* [PROBLEM TO WORK ON]
Your answer must restate the listing below word for word and contain no images.

* [SUPPLIED INFORMATION]
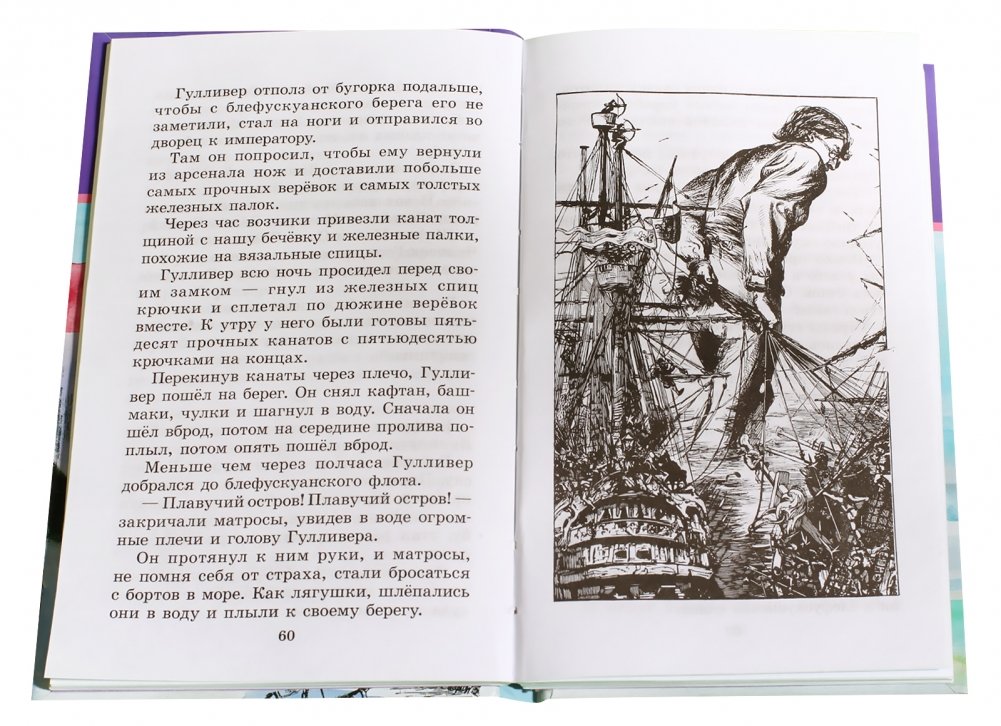 Пересказ Т. Габбе для детей необычайных приключений Лемюэля Гулливера в фантастической стране Лилипутии и в удивительной стране великанов — Бробдингнег.
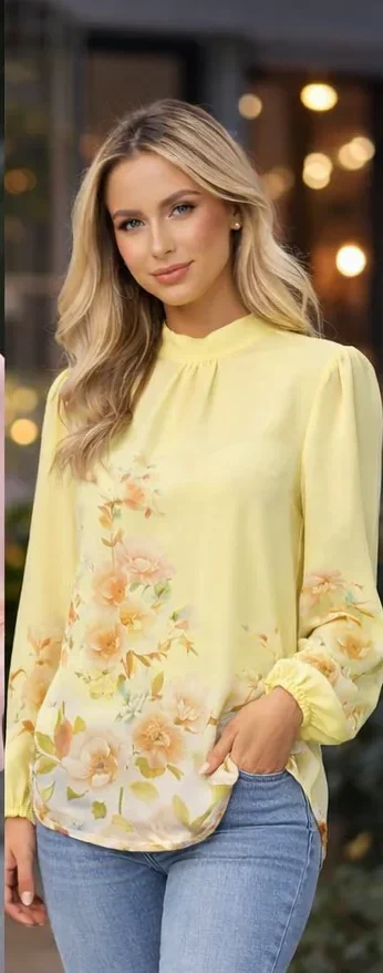 Lemon Blossom Print High Neck Blouse
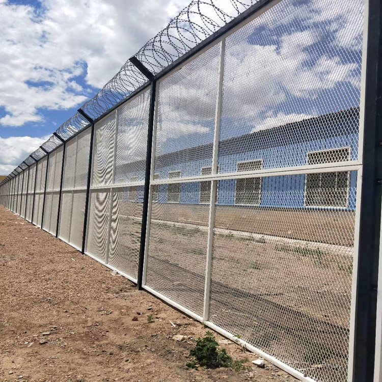 監獄護欄網通常采用鋼絲直徑為5mm、6mm、6.5mm, 網孔采用50mm*100mm、50mm*50mm、50mm*200mm、 50mm*150mm,
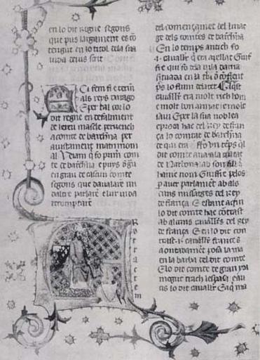 Keywords: Crònica dels reys d'Aragó e comtes de Barcelona BGUS ms 2664 f22v bn.jpg CRÃ’NIQUES DEL REIS D'ARAGÓ E COMTES DE BARCELONA <br/> Crònica general de Pere III el Cerimoniós dita comumnament Crònica de Sant Joan de la Penya <br/> <br/> CapÃtol XXI COM FINà LA GENERACIÓ MASCULINA DELS REIS D'ARAGÓ <br/> Acà fem fi e terme als reis d'Aragó E per tal com lo dit regne en defalliment d'hereu mascle pervenc a comte de Barcelona per ajustament matrimonial vejam qui fo primer comte de Barcelona e puis de grau en grau de cascun comte segons que davallaren un d'altre parlarem e llur vida recontarem <br/> <br/> CapÃtol XXII DEL COMENÇAMENT DELS COMTES DE BARCELONA <br/> Ara tactem del començament del llinatge dels comtes de Barcelona En lo temps antic fo un cavaller qui era apellat Guifré qui fo de la vila d'Arrià situada en la terra de Conflent pres lo flum de la Tet Aquest cavaller era molt ric hom e molt armat e molt savi E per la sua noblea e proea hac del rei de França lo comtat de Barcelona de qui era Fo un temps el dit comte anà a la ciutat de Narbona ab son fill qui havia nom Guifré Pelós per haver <br/> <br/> http //books google com/books id OEs1oxNGZ68C lpg PA89 hl ca pg PA73 v onepage q f false <br/> <br/> El señal del rey de Aragón Historia y Significado <br/> El comte Guifré presta homenatge al rei de França pel comtat de Barcelona Cadascún apareix identificat per les seves armes el primer porta d'or quatre pals de gules i el segon dimidiat de l'Imperi i França Pintura al temple i aplicacions d'or sobre el pergamà Inicial miniada lletra A del cap 22 de la versió catalana de la Crònica de Sant Joan de la Penya Biblioteca de la Universitat de Salamanca ms 2664 f 22v <br/> <br/> Por supuesto Pedro IV sabÃa positivamente que esa era su señal familiar y además de dignidad nostre senyal reyal por usar su propia expresión y no es imposible que creyese que procesÃan por lÃnea agnaticia de la dinastÃa condal catalana Lo cierto es que la documentación conservada no dice nada que permita atribuir al monarca ninguna de las dos representaciones Pese a todo hay un dato que parece argüir en pro de esta hipótesis Se trata de una miniatura de la versión catalana de la obra conocida como Crónica de San Juan de la Peña realizada bajo el patrocinio de Pedro IV entre 1369 y 1372 según el manuscrito 2664 de la Biblioteca de la Universidad de Salamanca coetáneo a su redacción y salido seguramente del escritorio regio La miniatura aludida es la que decora la capitular historiada A que abre el capÃtulo 22 de la citada crónica f 22v donde se da comienzo a su segunda parte la historia genealógica de los condes de Barcelona lám II Dentro del ojo de la letra aparece representado el conde Guifredo prestando homenaje al rey de Francia siendo cada uno identificado por su escudo de armas el primero trae de oro cuatro palos de gules y el segundo dimidiado del Imperio y Francia nota 12 sobre esta capital iluminada y el códice en general véase Planas 1992 Esta autora identifica erróneamente al conde baarcelonés representado en la miniatura con Guifredo el Velloso pero se trata en realidad de su padre llamda también Guifredo como deja claro el texto del capÃtulo Por otro lado esta ilustración plantea el problema que se presentará en otras ocasiones y en el que no es posible entrar ahora de la responsabilidad del mandante o comitente en los detalles concretos de la iluminación de un códice cf Riquer 1983 120 En cuanto a las armas atribuidas al rey de Francia son las que la tradición medieval asignaba a Carlomagno vid Neubecker 1976 0 174 y 230 Alberto Montaner Frutos; El señal del rey de Aragón Historia y Significado; pà g 10-11; i descripció de là m pà g 171 1995 1369-1372 Pere IV d'Aragó el Cerimoniós Pere terç Cròniques dels reis d'Aragó e comtes de Barcelona Casal d'Aragó PD-old-100 |

* [SOLUTION TO THIS TASK]
 Пересказ Т. Габбе для детей необычайных приключений Лемюэля Гулливера в фантастической стране Лилипутии и в удивительной стране великанов — Бробдингнег.
 Lemon Blossom Print High Neck Blouse
 監獄護欄網通常采用鋼絲直徑為5mm、6mm、6.5mm, 網孔采用50mm*100mm、50mm*50mm、50mm*200mm、 50mm*150mm,
 Keywords: Crònica dels reys d'Aragó e comtes de Barcelona BGUS ms 2664 f22v bn.jpg CRÃ’NIQUES DEL REIS D'ARAGÓ E COMTES DE BARCELONA <br/> Crònica general de Pere III el Cerimoniós dita comumnament Crònica de Sant Joan de la Penya <br/> <br/> CapÃtol XXI COM FINà LA GENERACIÓ MASCULINA DELS REIS D'ARAGÓ <br/> Acà fem fi e terme als reis d'Aragó E per tal com lo dit regne en defalliment d'hereu mascle pervenc a comte de Barcelona per ajustament matrimonial vejam qui fo primer comte de Barcelona e puis de grau en grau de cascun comte segons que davallaren un d'altre parlarem e llur vida recontarem <br/> <br/> CapÃtol XXII DEL COMENÇAMENT DELS COMTES DE BARCELONA <br/> Ara tactem del començament del llinatge dels comtes de Barcelona En lo temps antic fo un cavaller qui era apellat Guifré qui fo de la vila d'Arrià situada en la terra de Conflent pres lo flum de la Tet Aquest cavaller era molt ric hom e molt armat e molt savi E per la sua noblea e proea hac del rei de França lo comtat de Barcelona de qui era Fo un temps el dit comte anà a la ciutat de Narbona ab son fill qui havia nom Guifré Pelós per haver <br/> <br/> http //books google com/books id OEs1oxNGZ68C lpg PA89 hl ca pg PA73 v onepage q f false <br/> <br/> El señal del rey de Aragón Historia y Significado <br/> El comte Guifré presta homenatge al rei de França pel comtat de Barcelona Cadascún apareix identificat per les seves armes el primer porta d'or quatre pals de gules i el segon dimidiat de l'Imperi i França Pintura al temple i aplicacions d'or sobre el pergamà Inicial miniada lletra A del cap 22 de la versió catalana de la Crònica de Sant Joan de la Penya Biblioteca de la Universitat de Salamanca ms 2664 f 22v <br/> <br/> Por supuesto Pedro IV sabÃa positivamente que esa era su señal familiar y además de dignidad nostre senyal reyal por usar su propia expresión y no es imposible que creyese que procesÃan por lÃnea agnaticia de la dinastÃa condal catalana Lo cierto es que la documentación conservada no dice nada que permita atribuir al monarca ninguna de las dos representaciones Pese a todo hay un dato que parece argüir en pro de esta hipótesis Se trata de una miniatura de la versión catalana de la obra conocida como Crónica de San Juan de la Peña realizada bajo el patrocinio de Pedro IV entre 1369 y 1372 según el manuscrito 2664 de la Biblioteca de la Universidad de Salamanca coetáneo a su redacción y salido seguramente del escritorio regio La miniatura aludida es la que decora la capitular historiada A que abre el capÃtulo 22 de la citada crónica f 22v donde se da comienzo a su segunda parte la historia genealógica de los condes de Barcelona lám II Dentro del ojo de la letra aparece representado el conde Guifredo prestando homenaje al rey de Francia siendo cada uno identificado por su escudo de armas el primero trae de oro cuatro palos de gules y el segundo dimidiado del Imperio y Francia nota 12 sobre esta capital iluminada y el códice en general véase Planas 1992 Esta autora identifica erróneamente al conde baarcelonés representado en la miniatura con Guifredo el Velloso pero se trata en realidad de su padre llamda también Guifredo como deja claro el texto del capÃtulo Por otro lado esta ilustración plantea el problema que se presentará en otras ocasiones y en el que no es posible entrar ahora de la responsabilidad del mandante o comitente en los detalles concretos de la iluminación de un códice cf Riquer 1983 120 En cuanto a las armas atribuidas al rey de Francia son las que la tradición medieval asignaba a Carlomagno vid Neubecker 1976 0 174 y 230 Alberto Montaner Frutos; El señal del rey de Aragón Historia y Significado; pà g 10-11; i descripció de là m pà g 171 1995 1369-1372 Pere IV d'Aragó el Cerimoniós Pere terç Cròniques dels reis d'Aragó e comtes de Barcelona Casal d'Aragó PD-old-100 |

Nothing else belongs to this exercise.